Subject: Fwd: libpthread killed my dog, part N+1
To: None <firstname.lastname@example.org>
From: Charles M. Hannum <email@example.com>
Date: 01/06/2005 01:52:50
Since the previous discussion(?) was here, I'm forwarding the latest bit,
though it seems not to be a kernel issue.
Content-Description: "Charles M. Hannum" <firstname.lastname@example.org>: libpthread killed my dog, part N+1
by po12.mit.edu (Cyrus v2.1.5) with LMTP; Wed, 05 Jan 2005 20:35:45 -0500
by pacific-carrier-annex.mit.edu (8.12.4/8.9.2) with ESMTP id j061ZdLv025225
for <email@example.com>; Wed, 5 Jan 2005 20:35:40 -0500 (EST)
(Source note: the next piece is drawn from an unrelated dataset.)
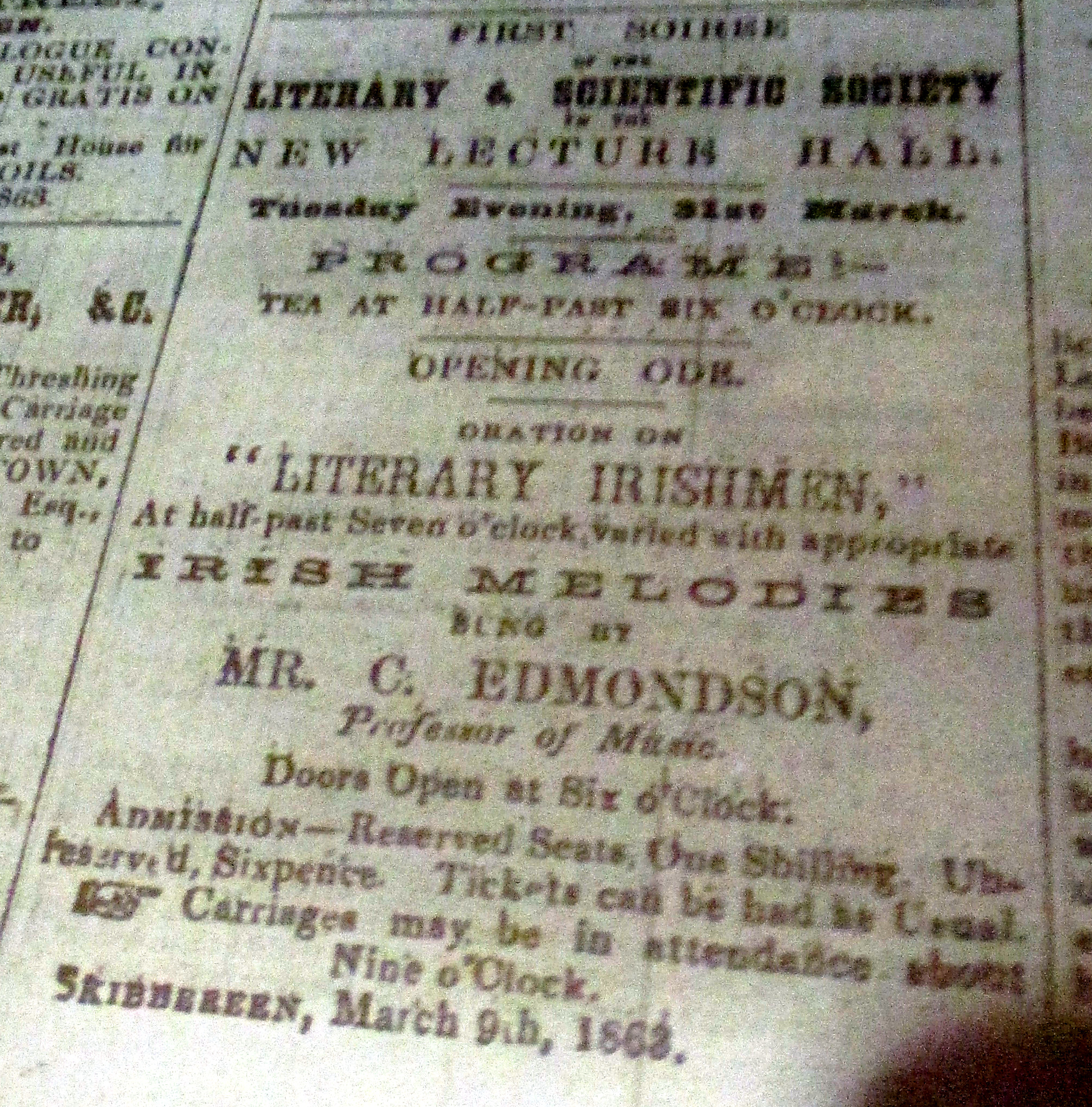 March, 1863, First Soire of the Skibbereen Scientific and Literary Society, with Oration on Literary Irishmen, Varied With Appropriated ‘Irish Melodies’ sung by Mr. C. Edmondson, Professor of Music.

id B089D53B7; Thu, 6 Jan 2005 01:35:38 +0000 (UTC)
id 189C15343; Thu, 6 Jan 2005 01:35:32 +0000 (UTC)
by mail.netbsd.org (Postfix) with ESMTP id 35692517D
for <firstname.lastname@example.org>; Thu, 6 Jan 2005 01:35:30 +0000 (UTC)
id 3E69C2A65C4; Thu, 6 Jan 2005 01:35:24 +0000 (UTC)
From: "Charles M. Hannum" <email@example.com>
Organization: By Noon Software, Inc.
Subject: libpthread killed my dog, part N+1
Date: Thu, 6 Jan 2005 01:35:23 +0000
I have discovered another deadlock, *and* the reason for upcall exhaustion.
Let us review. When we receive a SA_UPCALL_UNBLOCKED for a thread holding a
spinlock, we caused an immediately switch to that thread from
pthread__resolve_locks(), presumably on the theory that it will finish and
unlock immediately. Note that at this point, pt_blockgen==pt_unblockgen+1;
pt_unblockgen gets incremented again after pthread__resolve_locks() returns
and we call pthread__sched_bulk().
However, it may happen that the thread blocks again. When this happens, we
now have a chain of upcall thread(s) implicitly blocked waiting for it. In
Eventually we will get another SA_UPCALL_UNBLOCKED. When this happens, if we
are lucky, the thread will finish with the lock, and the hack in
pthread_spinunlock() will switch back to the upcall thread immediately. At
this point, pt_blockgen==pt_unblockgen+2 (because we received two unblocks).
At this point, the upcall chain will terminate, pthread__sched_bulk() will be
called, and because pt_unblockgen is already even, it will not be
incremented! Note that we are screwed now; various pieces of code will
evermore think that the thread is blocked. This leads to one form of
deadlock (signal delivery will never succeed, and the thread can get stuck
repeatedly taking a trap).
Even if I fix the even-odd test in pthread__sched_bulk(), this problem can
still lead to upcall exhaustion, by causing a chain of upcalls to be stuck.
I think -- but I'm not sure yet -- that they actually spin on the CPU,
waiting for the unblock that will allow them to continue.
Somehow, in all this mess, pthread__concurrency also becomes -1. I'm not sure
exactly how that happens.
This really needs to be fixed, somehow.